# Kerodon

$\Newextarrow{\xRightarrow}{5,5}{0x21D2}$

Proposition 5.1.4.16. Suppose we given a commutative diagram of simplicial sets

$\xymatrix@R =50pt@C=50pt{ X \ar [rr]^{f} \ar [dr]_{q_ X} & & Y \ar [dl]^{q_ Y} \\ & S, & }$

where $S$ is a Kan complex. The following conditions are equivalent:

$(1)$

The morphism $f$ is a covariant equivalence relative to $S$.

$(2)$

The morphism $f$ is a contravariant equivalence relative to $S$.

$(3)$

The morphism $f$ is a weak homotopy equivalence.

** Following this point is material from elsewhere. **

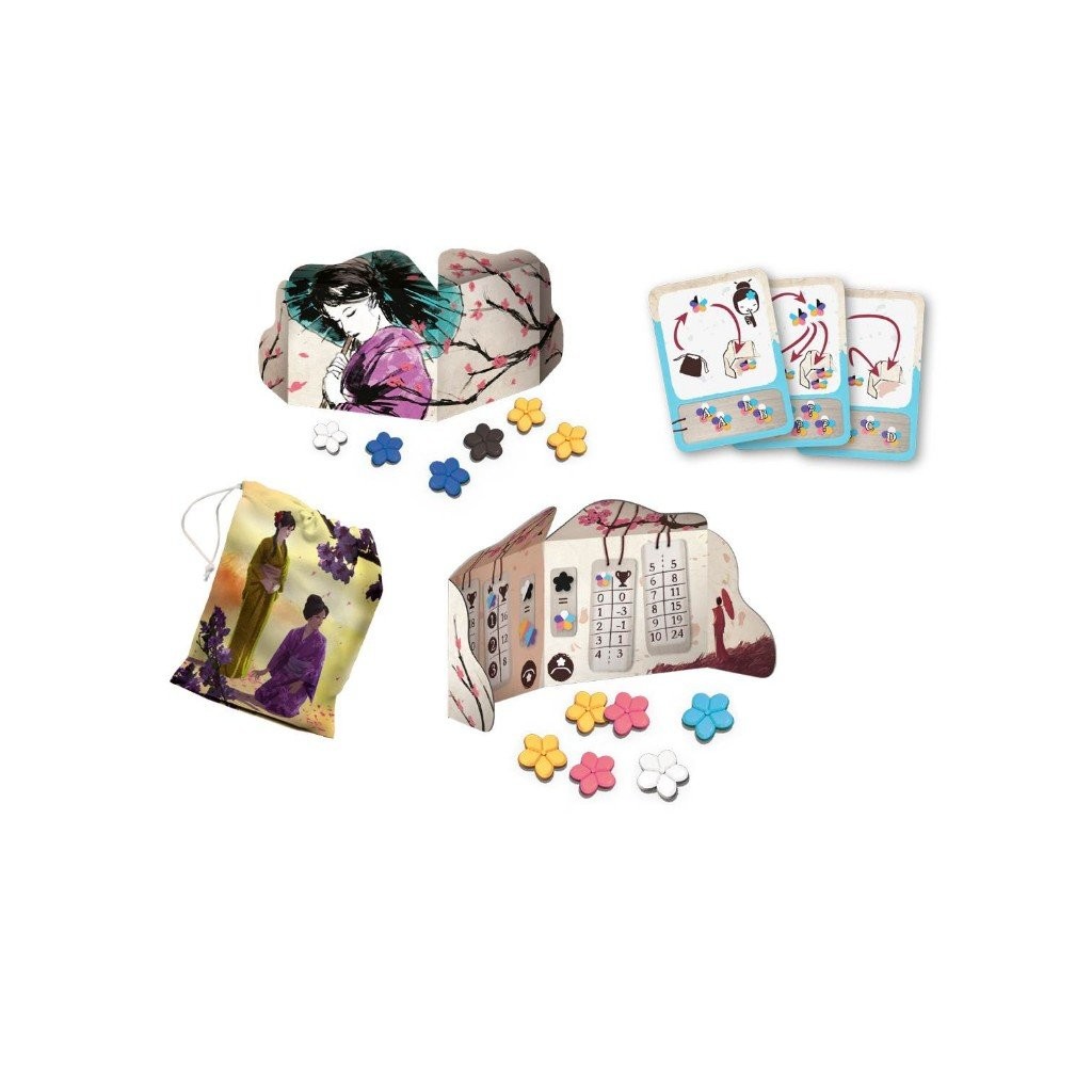 Principe du jeu : Votre but est de réaliser les bonnes collections de couleurs de fleurs afin de marquer le maximum de points de victoire. Deux façons de gagner des points : en réalisant les bonnes collections de couleurs de fleurs ou en gagnant des majorités de couleur. Dans un sac opaque se cachent des fleurs de 6 couleurs différentes. Tour à tour piochez des fleurs (maximum 8 en trois pioches). Si vous cueillez 3 fleurs identiques ou 5 fleurs de couleurs différentes, vous perdez la manche. Dans le cas contraire ajoutez vos fleurs à vos différentes collections ou cachez-les derrières votre paravent pour constituer une ou deux autres collection dans lesquelles il vous faudra être majoritaire en fin de partie. Utilisez les fleurs blanches et noires à bonne escient, réalisez les plus belles collections et marquez le maximum de points de victoire pour espérer voir votre vœu se réaliser.

Proof. The implications $(1) \Rightarrow (3)$ and $(2) \Rightarrow (3)$ follow from Remark 5.1.4.8 (and do not require the assumption that $S$ is a Kan complex). We will complete the proof by establishing the implication $(3) \Rightarrow (1)$ (the proof of the implication $(3) \Rightarrow (2)$ is similar). Assume that $f$ is a weak homotopy equivalence and let $Z \rightarrow S$ be a left fibration; we wish to show that the induced map $\theta : \operatorname{Fun}_{/S}(Y,Z) \rightarrow \operatorname{Fun}_{/S}(X,Z)$ is bijective on connected components. Our assumption that $S$ is a Kan complex guarantees that $q$ is a Kan fibration (Lemma 5.1.2.4), so that $Z$ is also a Kan complex. Consider the diagram of simplicial sets

5.5
$$\begin{gathered}\label{equation:covariant-equivalence-over-Kan} \xymatrix@C =50pt@R=50pt{ \operatorname{Fun}(Y,Z) \ar [r]^-{\circ f} \ar [d]^{q \circ } & \operatorname{Fun}(X,Z) \ar [d]^{q \circ } \\ \operatorname{Fun}(Y,S) \ar [r]^-{\circ f} & \operatorname{Fun}(X,S). } \end{gathered}$$

Our assumption that $f$ is a weak homotopy equivalence guarantees that the horizontal maps in this diagram are homotopy equivalences (Corollary 3.1.6.5), so that diagram (5.5) is a homotopy Cartesian (Corollary 3.4.1.3). Corollary 3.1.3.2 guarantees that the vertical maps in the diagram (5.5) are Kan fibrations. Invoking Example 3.4.1.4, we conclude that the induced map

$\theta : \operatorname{Fun}_{/S}(Y,Z) = \{ q_ Y \} \times _{ \operatorname{Fun}(Y,S)} \operatorname{Fun}(Y,Z) \rightarrow \{ q_ X \} \times _{ \operatorname{Fun}(X,S) } \operatorname{Fun}(X,Z) = \operatorname{Fun}_{/S}(X,Z)$

is also a homotopy equivalence, and is therefore bijective on connected components. $\square$